Cada vez menos portugueses querem ouvir a cassete da direita

PPC

Sondagem após sondagem, os subvalorizados componentes da Geringonça continuam a contar com apoio maioritário da população, contrariando as previsões e expectativas de um certo grupo de indignados. Como é que era mesmo aquela história dos militantes insatisfeitos do PCP e do BE abandonarem o barco porque não queriam coligações com o PS, porque eram irresponsáveis ou outra treta qualquer que a imprensa do velho regime arrotava todos os dias? Yeah, right…

No início deste mês, o Expresso revelou um novo estudo, encomendado à Eurosondagem, que nos era apresentado com um título sugestivo: “Sondagem: PSD com a maior subida desde que está na oposição“. Porém, passando para lá das letras gordas do headline, a história não era lá grande coisa para Passos Coelho. Mesmo coligado com o que sobrou do CDS-PP, não ia para além dos 39%. Já a infame Engenhoca continua a ser sinónimo de maioria absoluta e vale 52,5%. Em dois meses, segundo o Expresso e a Eurosondagem, os partidos que apoiam o governo perderam, no seu conjunto, 0,3% das intenções de voto, exactamente aquilo que a Caranguejola cresceu durante “a maior subida desde que está na oposição“. Uau.
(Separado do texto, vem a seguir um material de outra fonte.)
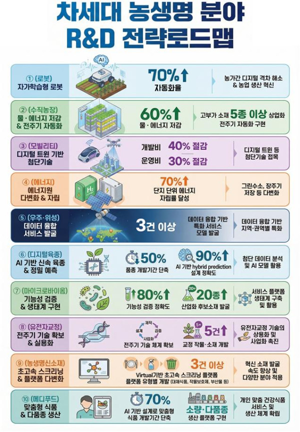 이번 로드맵의 핵심은 농업을 단순 1차 산업이 아닌 첨단 기술 산업으로 전환하는 데 있다. 정부는 농업·농촌을 둘러싼 대내외 환경 변화와 국가전략기술을 종합적으로 고려해 △로봇 △수직농장 △모빌리티 △에너지 △우주·위성 △디지털육종 △마이크로바이옴 △유전자교정 △농생명 신소재 △메디푸드 등 10대 전략기술 분야를 선정하고, 향후 5년간의 분야별 R&D 추진 방향을 제시했다.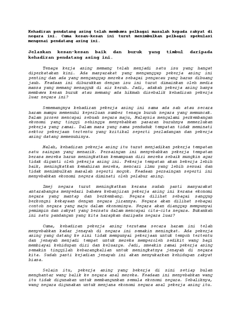 Contoh karangan bahasa melayu bm pt3 tingkatan 1 2 3. National University of Malaysia. Kesan Kemasukan Pendatang Asing dan Langkah-langkah Mengawal Kemasukan Pendatang Asing.

Mas sondagens há muitas e por estes dias apareceu outra por aí. A Aximage levou a cabo um estudo encomendado pelo Jornal de Negócios e Correio da Manhã (vade retro…) que revela resultados esmagadores para os partidos de direita. PSD consegue apenas 30,5%, o CDS-PP 4,9, passando a memória da velha Pàf a valer 35,4%, abaixo dos 39% obtidos pelo PS. Segundo esta sondagem, o PS e o BE (10%) estão a uma décima da maioria absoluta, que conseguem com os 6,8% atribuídos ao PCP. 55,8%. Cinco pontos acima do resultado combinado dos três partidos por altura das Legislativas.

A avaliação que os inquiridos fazem sobre os líderes partidários não difere muito dos resultados em cima. Passos é o pior, Cristas continua a perder popularidade, Jerónimo mantem-se estável e Catarina Martins sobe. António Costa, esse, mantem-se no topo da tabela. Conclusão? Cada vez menos portugueses querem ouvir a cassete da direita e a maioria não arreda pé. Mas são sondagens, valem o que valem. E quem não se estiver a sentir bem pode sempre tomar um Rennie. Se serve para o futebol, também deve servir para a política.

Imagem via Leituras

9 comentários em “Cada vez menos portugueses querem ouvir a cassete da direita”

  1. O que me surpreende, ou talvez não! É a desfaçatez usada na manipulação da realidade pela imprensa, nomeadamente alguns dos jornais já falados por aqui.
    Não compro e não leio jornais porque acho que não têm qualidade informativa e poder crítico sobre as diversas realidades.
    Alguma luta política está ao nível da bosta.

  2. O limiar da maioria absoluta de deputados não é 50 %, é menos. Arrisco dizer que com estes resultados seria possível uma maioria parlamentar apenas com PS+BE tanto como PS+CDU.
    É o método de Hondt.

  3. a cassete da direita agora é:

    os números da execução orçamental são bons porque foram martelados e porque o estado tem mil ziliões em pagamentos atrasados.

  4. Então não deve demorar muito uma mega campanha baseada num qualquer escândalo inventado com grande empenho da comunicação social e com a ajuda do sistema judicial para levantar a direita. O que vão inventar agora?